What CPT code is used for routine cataract surgery?
CPT 66984 is used for routine cataract removal with intraocular lens implantation. CPT 66982 applies to complex cataract surgery. The procedure falls under a global surgical package that includes preoperative care, the surgery itself, and postoperative follow-up care during the global period.
When are laterality modifiers required in ophthalmology billing?
Laterality modifiers RT (right eye) and LT (left eye) are required when billing procedures performed on a specific eye. Modifier 50 is used for bilateral procedures performed during the same session. Missing or incorrect laterality modifiers are among the most common causes of ophthalmology claim denials.
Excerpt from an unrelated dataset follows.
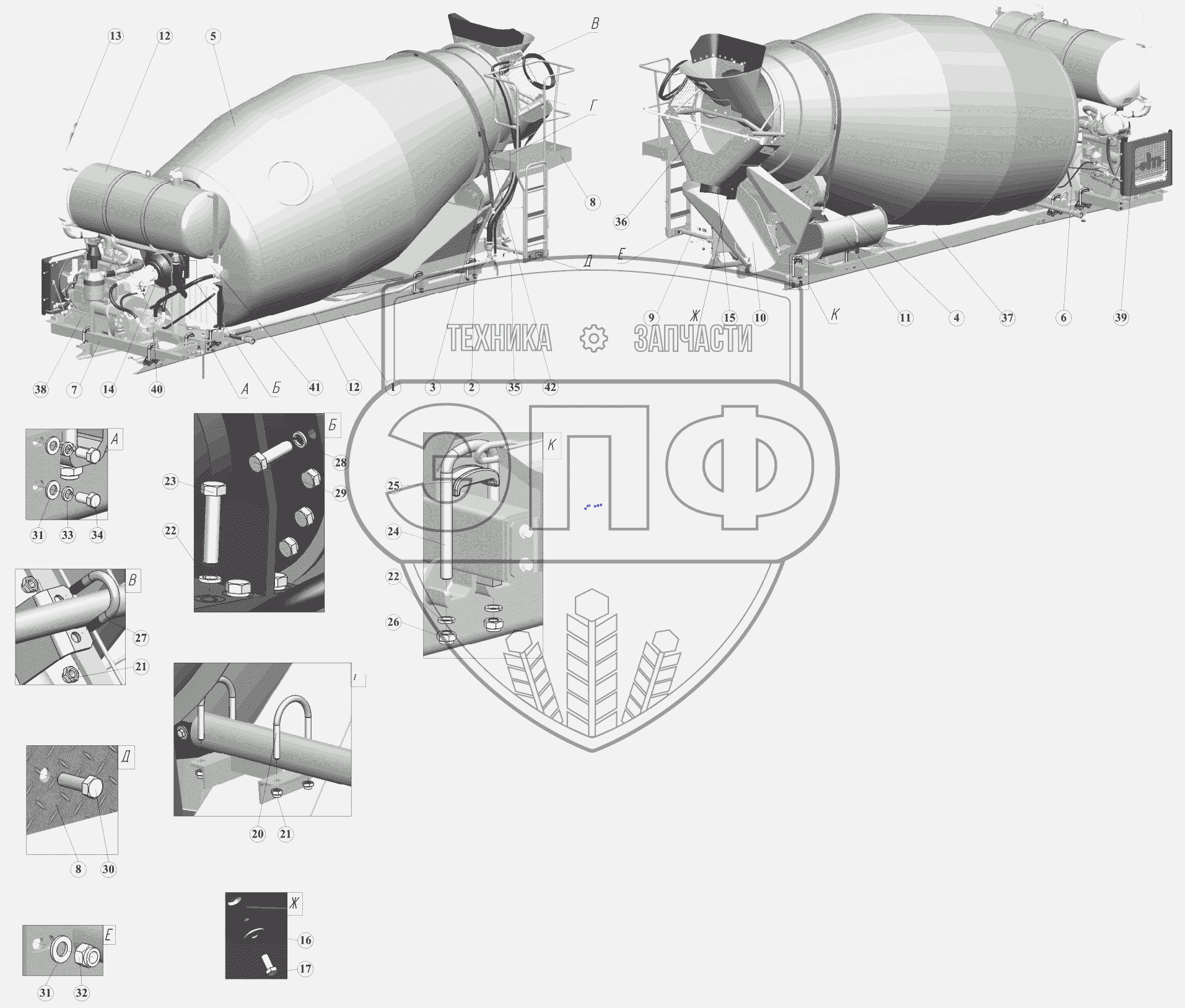 Каталог запасных частей к технике: ПАО "ТЗА" Автобетоносмеситель 58149Z. Бетоносмеситель

What documentation is required for OCT billing in ophthalmology?
OCT claims (CPT 92133 or 92134) require documentation of the clinical indication for testing, the test results, and a signed physician interpretation that addresses the clinical significance of the findings. Without a documented interpretation, payers will deny the professional component of the claim.
What are the most common ophthalmology billing denials and how can they be prevented?
The most frequent denials in ophthalmology involve missing or incorrect laterality modifiers, lack of documented medical necessity for diagnostic tests, absent physician interpretation for OCT and visual field testing, and NCCI bundling errors when multiple procedures are billed on the same date. Regular coding audits, pre-submission documentation review, and staff training on laterality and modifier requirements are the most effective prevention strategies.